• **Records supplied**:
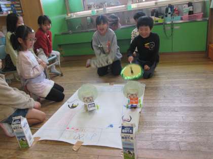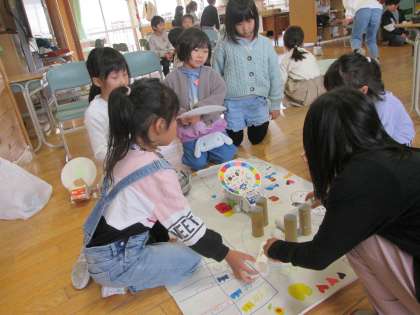 2年生が作った「おもちゃランド」に遊びに行ってきました。やさしく遊び方を教えてもらったり、折り紙の景品をもらったりして、楽しんできました。
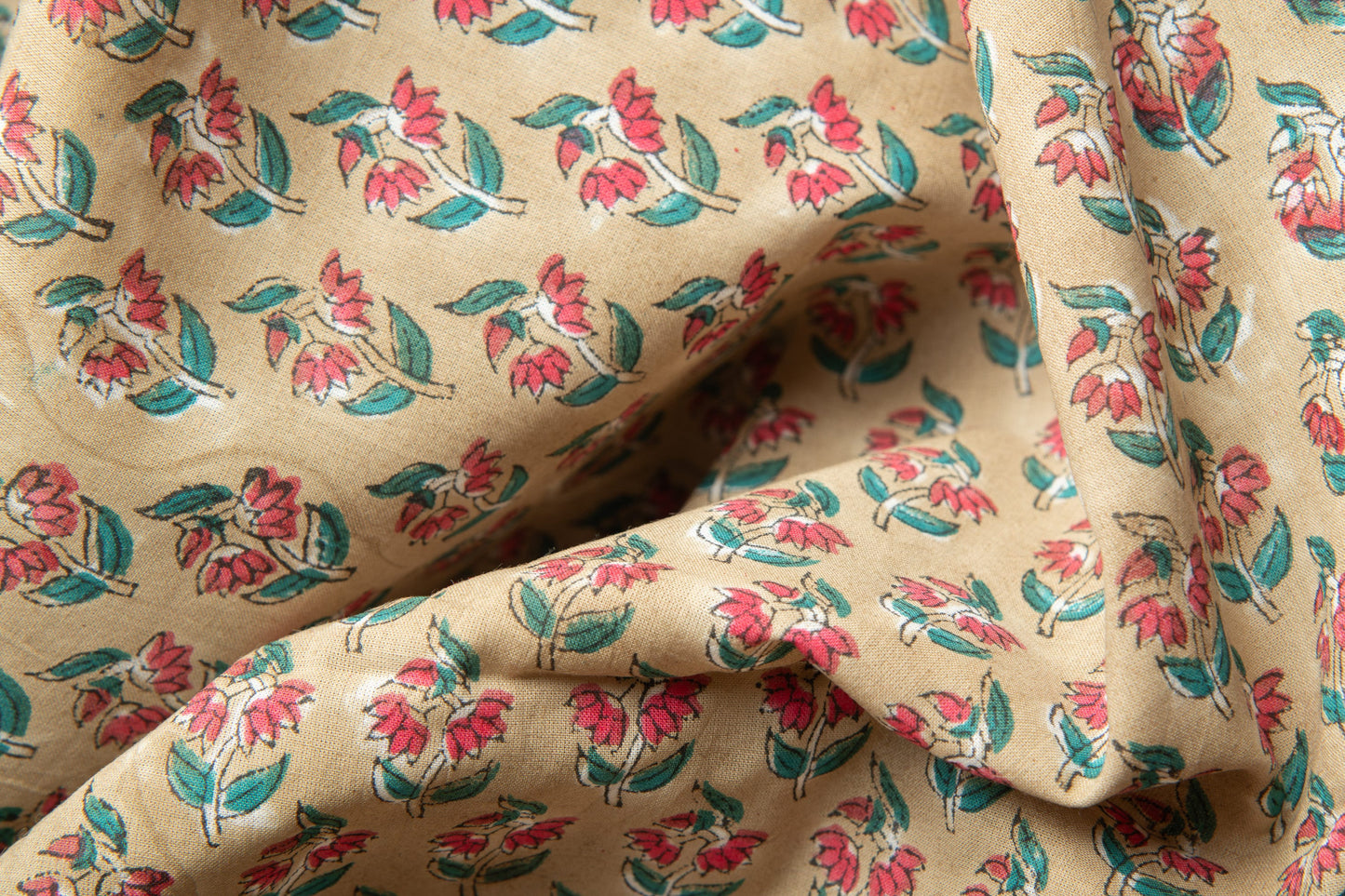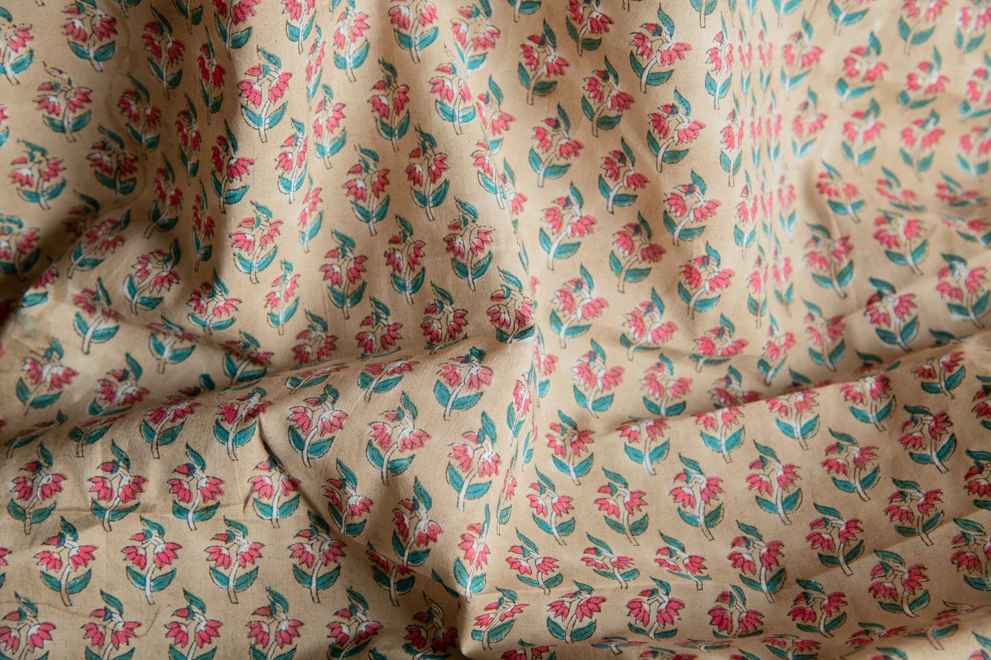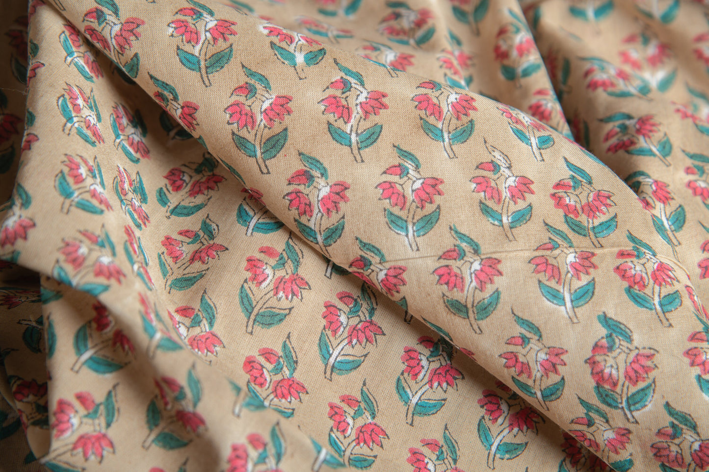 Ditsy pink red floral teal leaf hand block printed cotton fabric-tote bag fabric/girls dress fabric/quilting/decor/women's dress
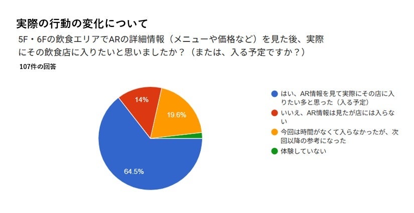 アンケート回答者の65%が「従来のスマートフォン型観光案内よりも良い」または「圧倒的に良い」と評価しました。また、ARで飲食エリアの情報を見た後、84%の参加者が当該飲食店への関心を示し、うち65%が実際に入店への意欲を示す回答をしました。スマートグラスによるAR体験がデジタルと現実を融合した新たな観光体験として受け入れられ、施設内の回遊向上、店舗送客効果への寄与を示唆する結果となりました。
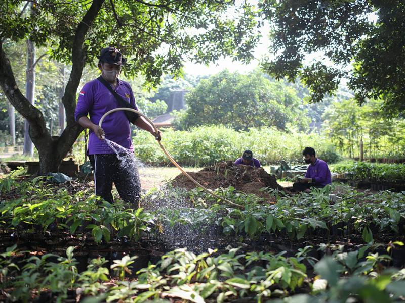 Petugas melakukan budi daya bibit pohon alpukat di Agro Edukasi Wisata (AEW) Cibubur, Kecamatan Ciracas, Jakarta Timur, Selasa (19/7). AEW Cibubur yang berada di bawah naungan Pusat Pengembangan Benih dan Proteksi Dinas KPKP DKI Jakarta membudidayakan berbagai macam bibit tanaman, salah satunya bibit pohon alpukat Cipedak. Bagi warga yang memiliki KTP dan KK DKI Jakarta bisa mendapatkan bibit secara gratis dengan mendaftar melalui website openstreetmap.id/dkpkp. (Foto: Nugroho Sejati/beritajakarta.id)
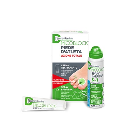 - Dermovitamina Micoblock Spray Barriera 3 in 1, uno spray trasparente e invisibile che svolge una duplice protezione: previene le infezioni della pelle causate da funghi, verruche e batteri e contestualmente aiuta a prevenire la contaminazione crociata con la calzatura e con il calzino, impedendo il diffondersi della micosi. Si asciuga rapidamente, resistente all'acqua, non unge e non macchia.
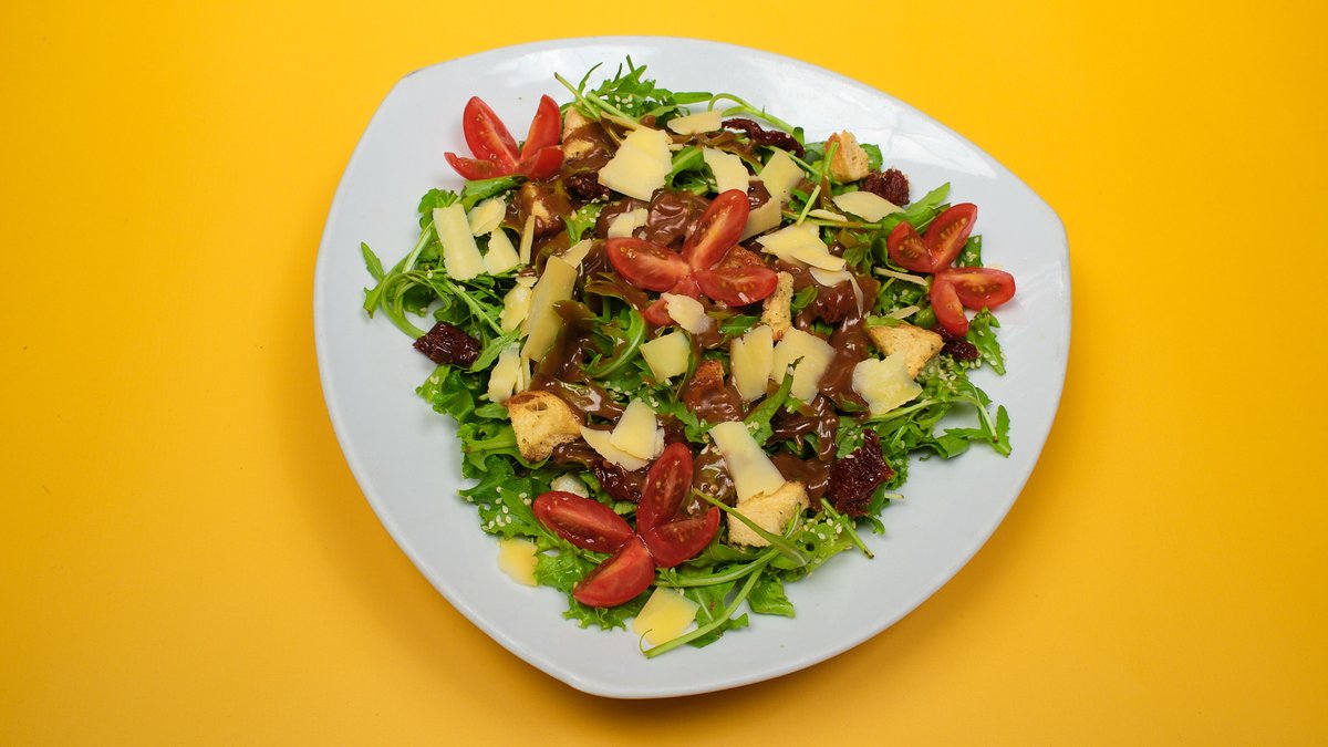 Σαλάτα με μαρούλι, ντοματίνια, λιαστή ντομάτα, κρουτόν, παρμεζάνα, σουσάμι και vinaigette sauce
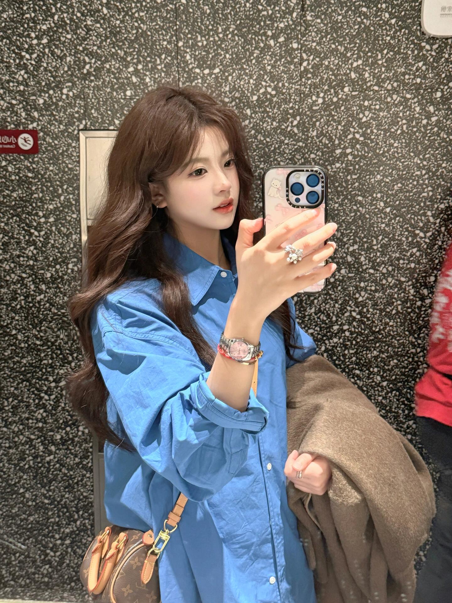 한국 스타일 2025 블루 셔츠 코트 여성의 봄 느슨한 긴팔 우아한 슈퍼 잘 생긴 게으른 스타일 셔츠 탑스토어 가기
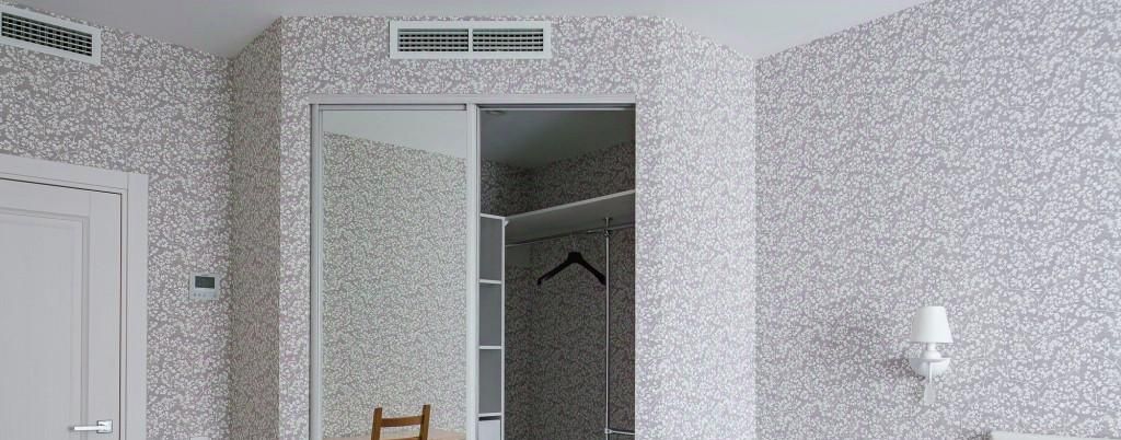 В спальне располагается удобная двуспальная кровать. Для вещей отдельно сделана гардеробная. Это значительно удобнее любого шкафа, дает больше пространства для хранения.
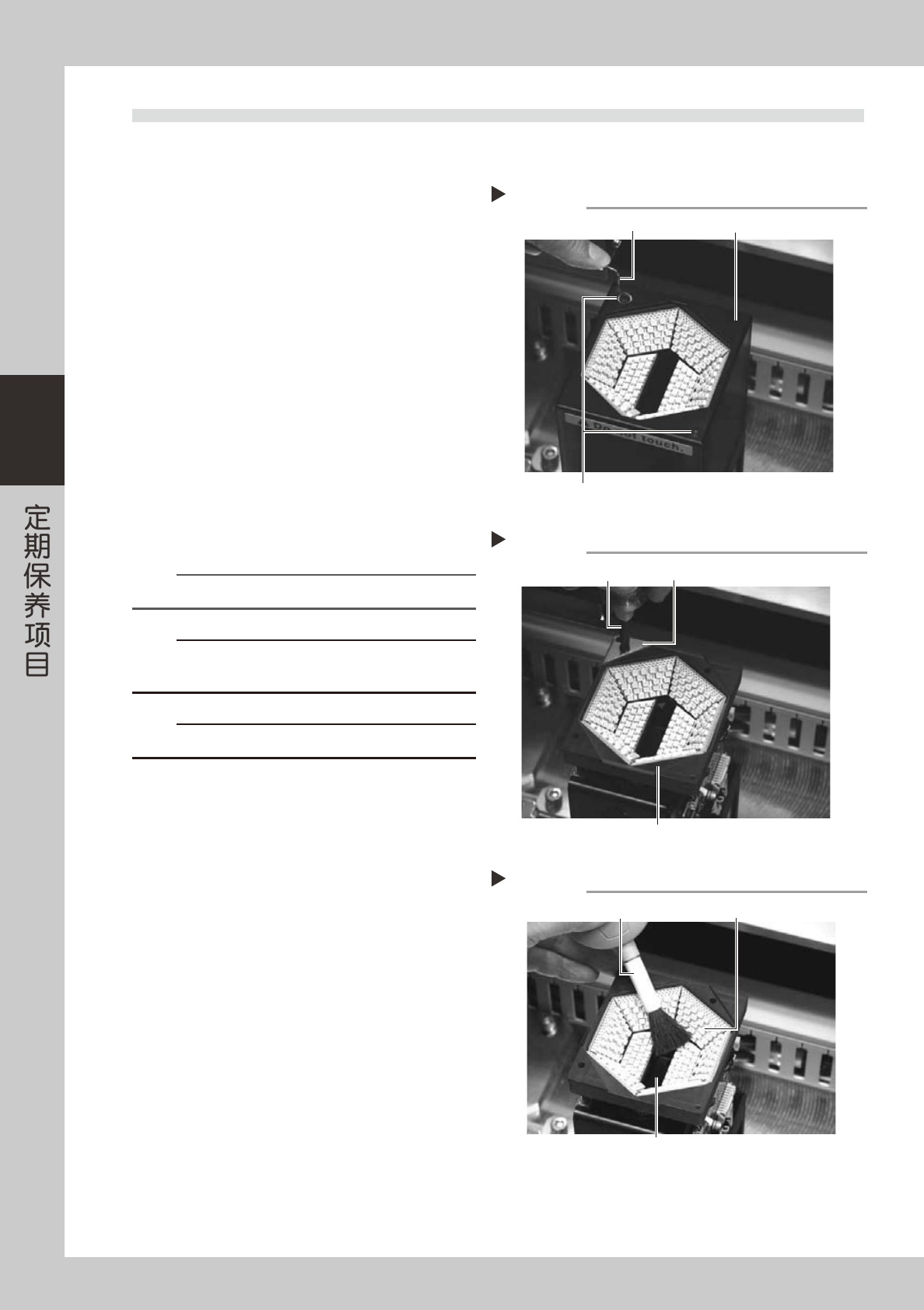 3-32 3 4.6 多视觉相机照明的清洁 (1 年 )--- 选配 多视觉相机的镜头及照明在保护玻璃内,清洁镜头和照明时必须拆除保护玻璃。如保护玻璃脏污时,也必须清洁 保护玻璃。( 参阅第 2 章「3. 相机保护玻璃的清洁」) 1 关闭电源。 退出软件程序,关闭贴片机电源。 2 拆出多视觉相机上面的相机罩。 用六角扳手拆出多视觉相机上面的 2 颗平头螺钉, 从正上方小心取出多视觉相机罩。 55345-L6-00 3 拆出照明保护玻璃。…

• **Requirement**:
The last line of the entries marks the end, and the line with "Σαλάτα με μαρούλι, ντοματίνια, λιαστή" marks the start. Output exactly those two lines and every line between them, nothing else, with the pictures left out.

• **Answer to this exercise**:
 Σαλάτα με μαρούλι, ντοματίνια, λιαστή ντομάτα, κρουτόν, παρμεζάνα, σουσάμι και vinaigette sauce
 한국 스타일 2025 블루 셔츠 코트 여성의 봄 느슨한 긴팔 우아한 슈퍼 잘 생긴 게으른 스타일 셔츠 탑스토어 가기
 В спальне располагается удобная двуспальная кровать. Для вещей отдельно сделана гардеробная. Это значительно удобнее любого шкафа, дает больше пространства для хранения.
 3-32 3 4.6 多视觉相机照明的清洁 (1 年 )--- 选配 多视觉相机的镜头及照明在保护玻璃内,清洁镜头和照明时必须拆除保护玻璃。如保护玻璃脏污时,也必须清洁 保护玻璃。( 参阅第 2 章「3. 相机保护玻璃的清洁」) 1 关闭电源。 退出软件程序,关闭贴片机电源。 2 拆出多视觉相机上面的相机罩。 用六角扳手拆出多视觉相机上面的 2 颗平头螺钉, 从正上方小心取出多视觉相机罩。 55345-L6-00 3 拆出照明保护玻璃。…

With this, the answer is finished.